The company did not explicitly state which lifecycle. Under current rules, OEM availability ends two years after the next operating system is released. Presuming that Windows 8 lands in late 2012 (for a three-year release cycle), that would mean that OEM licenses of Windows 7 would be available until late 2014. Beyond that, customers would have to use volume license downgrade rights.
The supported lifecycle is longer; consumer editions of Windows 7 will receive mainstream support until 2015, and corporate editions until 2020. If this is the lifecycle that OEM downgrade rights are tied to, it would extend downgrade rights to 2015 (for Windows 7 Ultimate) or 2020 (for Windows 7 Professional). Though this interpretation has been widely reported across the Internet, it seems hard to reconcile with Redmond's current stated availability policy.

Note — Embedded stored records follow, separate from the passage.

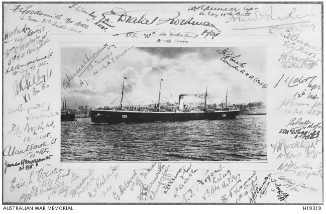 AWM H19319. HMAT 'Medic' 1914. Photographer Hood, Samuel J. Photograph sourced from the Pictorial Collection of the Australian War Memorial
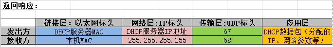 2. DHCP处理请求,分配IP,返回“DHCP响应”的数据包
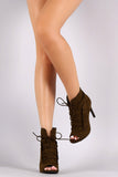 This chic heel features a peep toe silhouette, lace up closure vamp, caged construction with front slit detail, and wrapped stiletto heel. Finished with a lightly cushioned insole and side zipper fastener.
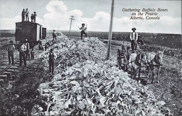 1980年代,加拿大艾伯塔省某处,大量的北美野牛骨头。这个物种险些因人类捕杀而灭绝。
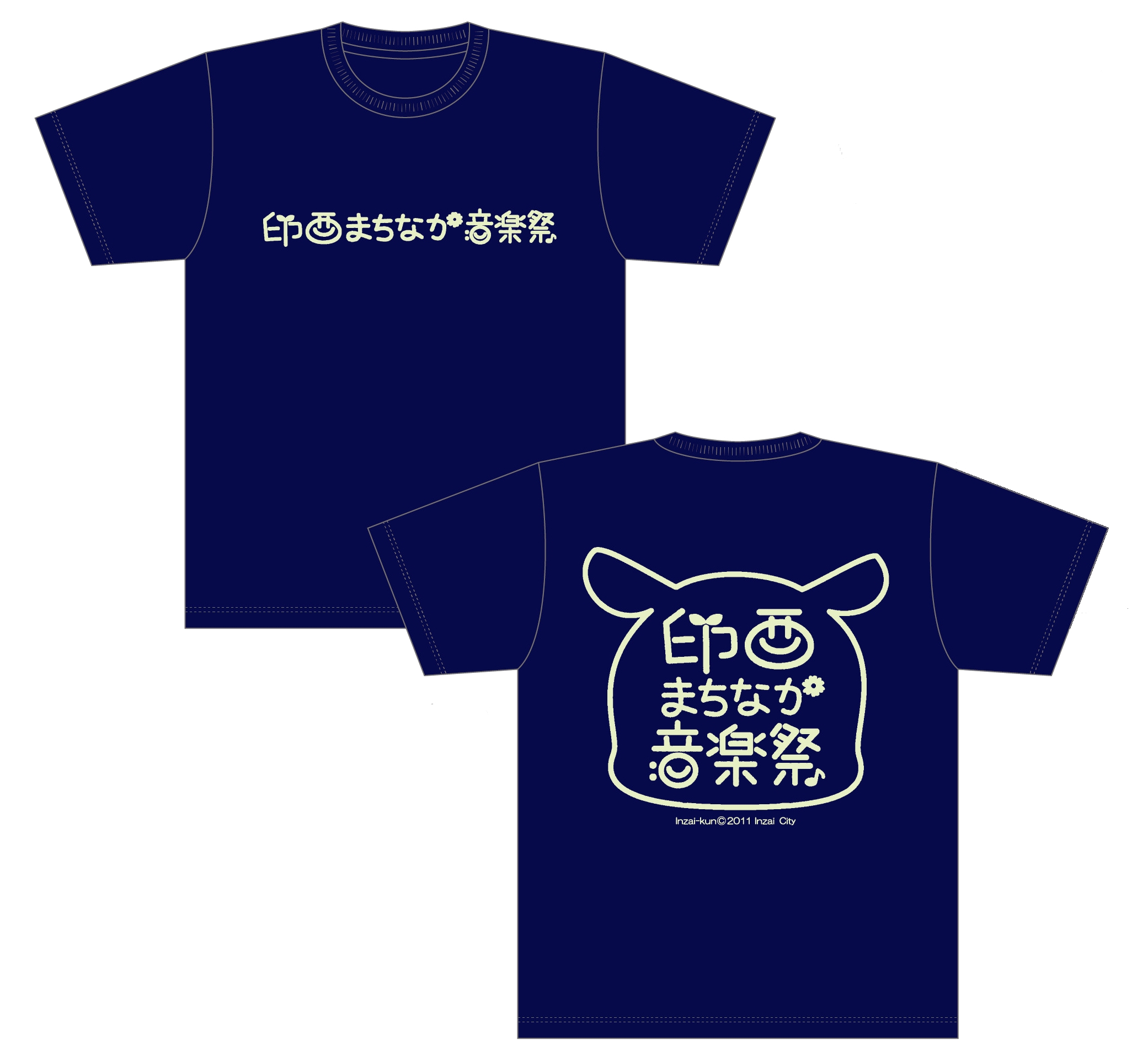 いんザイ君の顔をかたどったロゴが描かれている、印西まちなか音楽祭限定デザインのTシャツです。このデザインのいんザイ君はここでしか買えません。数に限りがありますので、早めにお買い求めください。
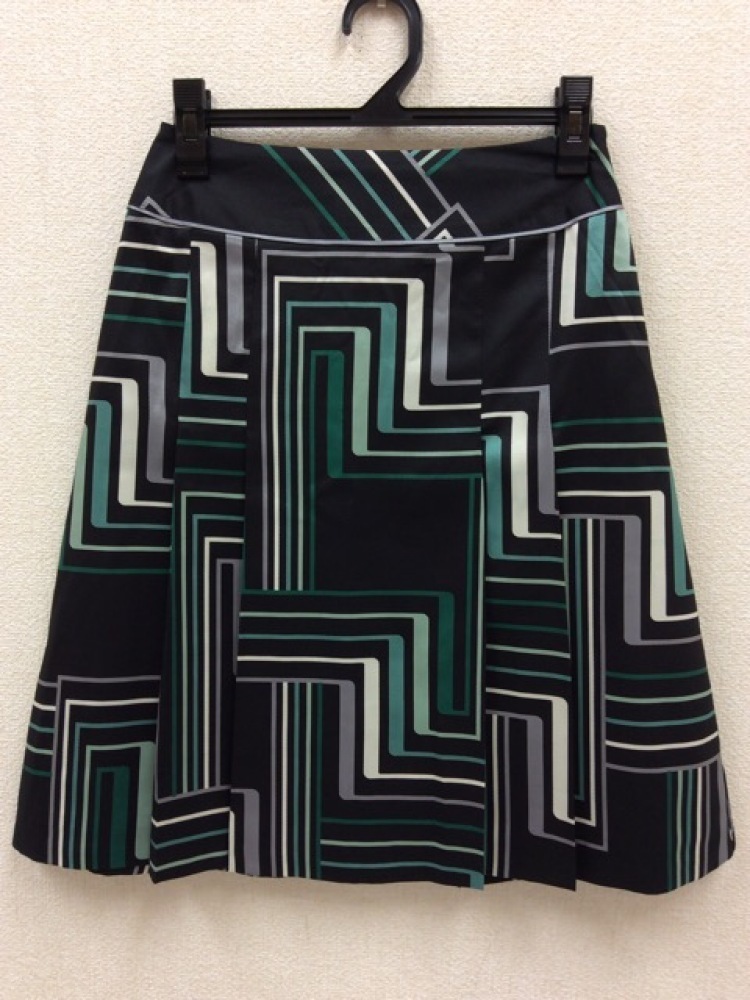 | 管理番号:10^125550 ケティ 黒×緑の柄 ボックスプリーツスカート 表示サイズ:1 実寸(参考)

The chance of a computer bought in 2020 working flawlessly with Windows XP is slim—indeed, even in 2015, Windows XP's hardware support is likely to be problematic—so even if the 2020 date is accurate, it is unlikely to have any practical value.
This extended availability also does not appear to impact the support schedule for the old operating system; Windows XP support is due to expire in April 2014. So not only will the operating system be unlikely to work, it will be insecure, too.
Those businesses dependent on OEM rather than volume licenses will, no doubt, welcome the change. Microsoft's own figures say that three-quarters of businesses still use Windows XP in some capacity, so the ability to buy machines with the right to downgrade will certainly find its uses.
However, Windows XP's dominance is certainly diminishing. Microsoft says that 65 percent of companies either have started their migration to Windows 7 or will do so within six months, rising to 89 percent planning to do so within 24 months—upgrading just in time for the release of Windows 8.
Moreover, the wisdom of buying new hardware just to run Windows XP is increasingly questionable. Microsoft is not going to decide one day that every post-Windows XP operating system was a grave error, and is not going to undo all the changes in those operating systems that cause software and device driver incompatibility. The company has moved on. Going forward, the compatibility situation is only going to get worse: new technology like USB3 and LightPeak will become mainstream, new processor extensions such as Intel's AVX will start to gain traction, and even hard disks might start to forfeit Windows XP compatibility.
Though Microsoft has repeatedly relented, extending Windows XP availability and support, it is sticking to its guns when it comes to the necessity of the platform changes that Windows Vista and Windows 7 have made. If a business absolutely must use Windows XP to run some essential software, Microsoft's solution is virtualization. Any company hoping to stick with the obsolete platform indefinitely is setting itself up for disappointment.